Start of Extracted information
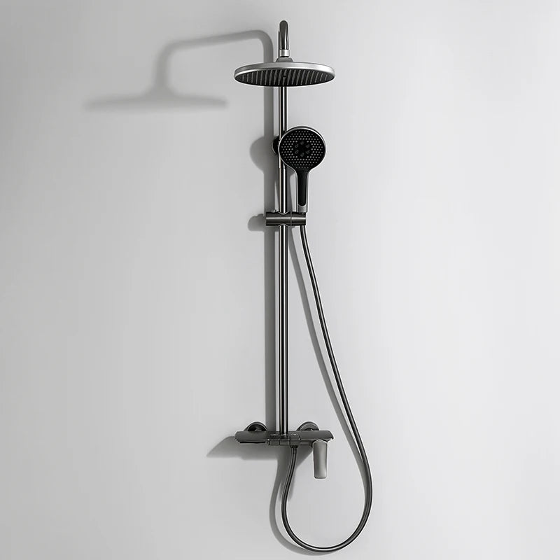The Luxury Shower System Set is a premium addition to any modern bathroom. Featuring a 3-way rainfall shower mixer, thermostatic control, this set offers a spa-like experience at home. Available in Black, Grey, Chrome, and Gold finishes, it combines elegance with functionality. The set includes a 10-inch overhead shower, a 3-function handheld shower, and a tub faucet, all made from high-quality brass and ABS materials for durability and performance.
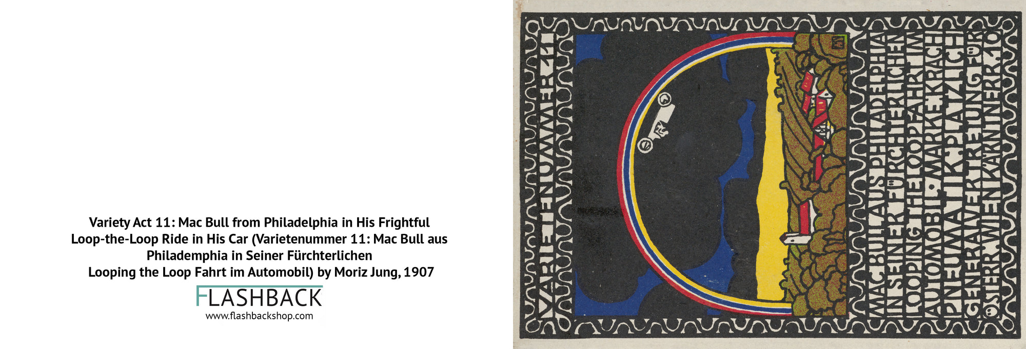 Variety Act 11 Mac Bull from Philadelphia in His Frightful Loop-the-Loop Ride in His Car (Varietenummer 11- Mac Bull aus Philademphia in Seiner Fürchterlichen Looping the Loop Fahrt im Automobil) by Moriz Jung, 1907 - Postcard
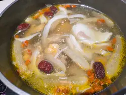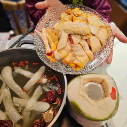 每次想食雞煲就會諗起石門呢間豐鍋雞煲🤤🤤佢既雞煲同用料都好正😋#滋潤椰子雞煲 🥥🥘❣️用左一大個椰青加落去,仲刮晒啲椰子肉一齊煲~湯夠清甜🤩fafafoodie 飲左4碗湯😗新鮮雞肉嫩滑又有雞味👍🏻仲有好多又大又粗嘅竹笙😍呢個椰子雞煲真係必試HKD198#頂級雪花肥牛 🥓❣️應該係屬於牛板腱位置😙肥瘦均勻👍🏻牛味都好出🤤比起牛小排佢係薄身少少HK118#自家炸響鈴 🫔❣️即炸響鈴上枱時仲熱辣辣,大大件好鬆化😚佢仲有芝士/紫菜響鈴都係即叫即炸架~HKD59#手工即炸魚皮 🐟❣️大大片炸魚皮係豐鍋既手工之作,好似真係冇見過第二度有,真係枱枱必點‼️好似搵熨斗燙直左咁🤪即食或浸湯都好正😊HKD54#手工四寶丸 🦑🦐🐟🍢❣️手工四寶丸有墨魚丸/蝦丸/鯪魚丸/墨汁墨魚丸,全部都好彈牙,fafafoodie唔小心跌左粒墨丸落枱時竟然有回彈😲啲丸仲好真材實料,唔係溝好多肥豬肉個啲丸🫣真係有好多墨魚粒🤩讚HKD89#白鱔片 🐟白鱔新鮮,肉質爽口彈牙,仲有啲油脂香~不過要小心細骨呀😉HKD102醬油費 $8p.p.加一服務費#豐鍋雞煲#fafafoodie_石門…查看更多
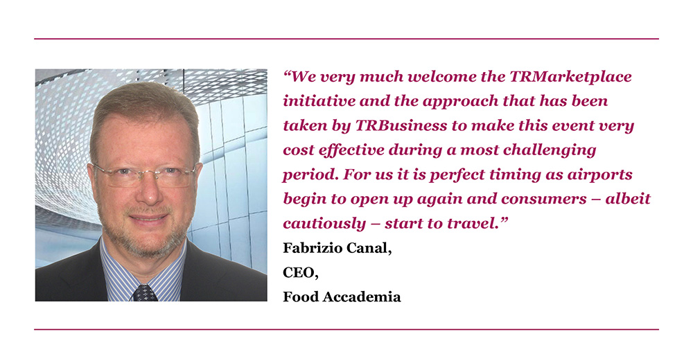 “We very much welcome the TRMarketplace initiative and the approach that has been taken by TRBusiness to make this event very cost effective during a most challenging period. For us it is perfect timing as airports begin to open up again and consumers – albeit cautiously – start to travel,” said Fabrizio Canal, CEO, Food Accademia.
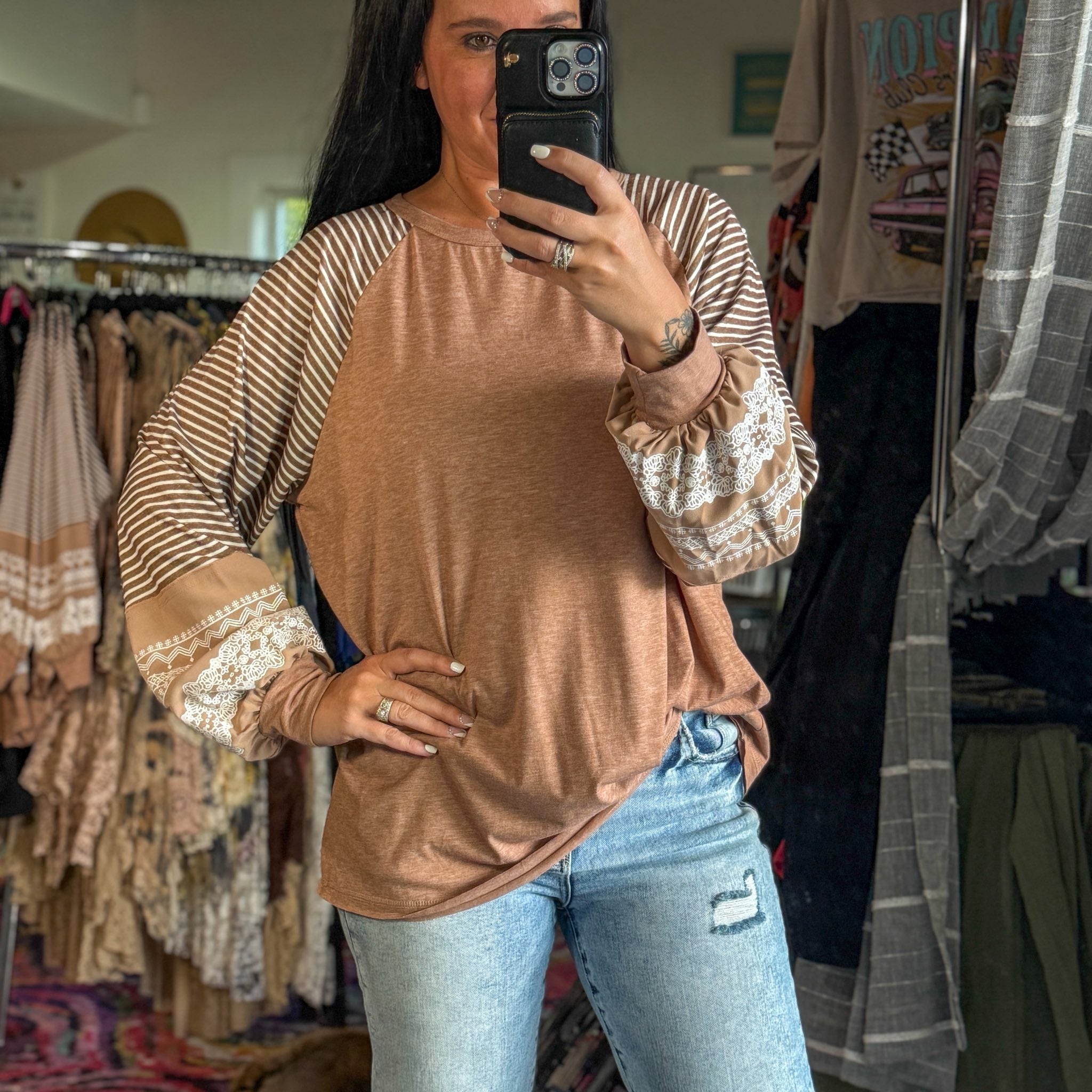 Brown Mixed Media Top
End of Extracted information
• [Work order]: Should a record include a picture, omit it from your copy and return the rest unchanged.

• [Written answer]:
The Luxury Shower System Set is a premium addition to any modern bathroom. Featuring a 3-way rainfall shower mixer, thermostatic control, this set offers a spa-like experience at home. Available in Black, Grey, Chrome, and Gold finishes, it combines elegance with functionality. The set includes a 10-inch overhead shower, a 3-function handheld shower, and a tub faucet, all made from high-quality brass and ABS materials for durability and performance.
 Variety Act 11 Mac Bull from Philadelphia in His Frightful Loop-the-Loop Ride in His Car (Varietenummer 11- Mac Bull aus Philademphia in Seiner Fürchterlichen Looping the Loop Fahrt im Automobil) by Moriz Jung, 1907 - Postcard
 每次想食雞煲就會諗起石門呢間豐鍋雞煲🤤🤤佢既雞煲同用料都好正😋#滋潤椰子雞煲 🥥🥘❣️用左一大個椰青加落去,仲刮晒啲椰子肉一齊煲~湯夠清甜🤩fafafoodie 飲左4碗湯😗新鮮雞肉嫩滑又有雞味👍🏻仲有好多又大又粗嘅竹笙😍呢個椰子雞煲真係必試HKD198#頂級雪花肥牛 🥓❣️應該係屬於牛板腱位置😙肥瘦均勻👍🏻牛味都好出🤤比起牛小排佢係薄身少少HK118#自家炸響鈴 🫔❣️即炸響鈴上枱時仲熱辣辣,大大件好鬆化😚佢仲有芝士/紫菜響鈴都係即叫即炸架~HKD59#手工即炸魚皮 🐟❣️大大片炸魚皮係豐鍋既手工之作,好似真係冇見過第二度有,真係枱枱必點‼️好似搵熨斗燙直左咁🤪即食或浸湯都好正😊HKD54#手工四寶丸 🦑🦐🐟🍢❣️手工四寶丸有墨魚丸/蝦丸/鯪魚丸/墨汁墨魚丸,全部都好彈牙,fafafoodie唔小心跌左粒墨丸落枱時竟然有回彈😲啲丸仲好真材實料,唔係溝好多肥豬肉個啲丸🫣真係有好多墨魚粒🤩讚HKD89#白鱔片 🐟白鱔新鮮,肉質爽口彈牙,仲有啲油脂香~不過要小心細骨呀😉HKD102醬油費 $8p.p.加一服務費#豐鍋雞煲#fafafoodie_石門…查看更多
 “We very much welcome the TRMarketplace initiative and the approach that has been taken by TRBusiness to make this event very cost effective during a most challenging period. For us it is perfect timing as airports begin to open up again and consumers – albeit cautiously – start to travel,” said Fabrizio Canal, CEO, Food Accademia.
 Brown Mixed Media Top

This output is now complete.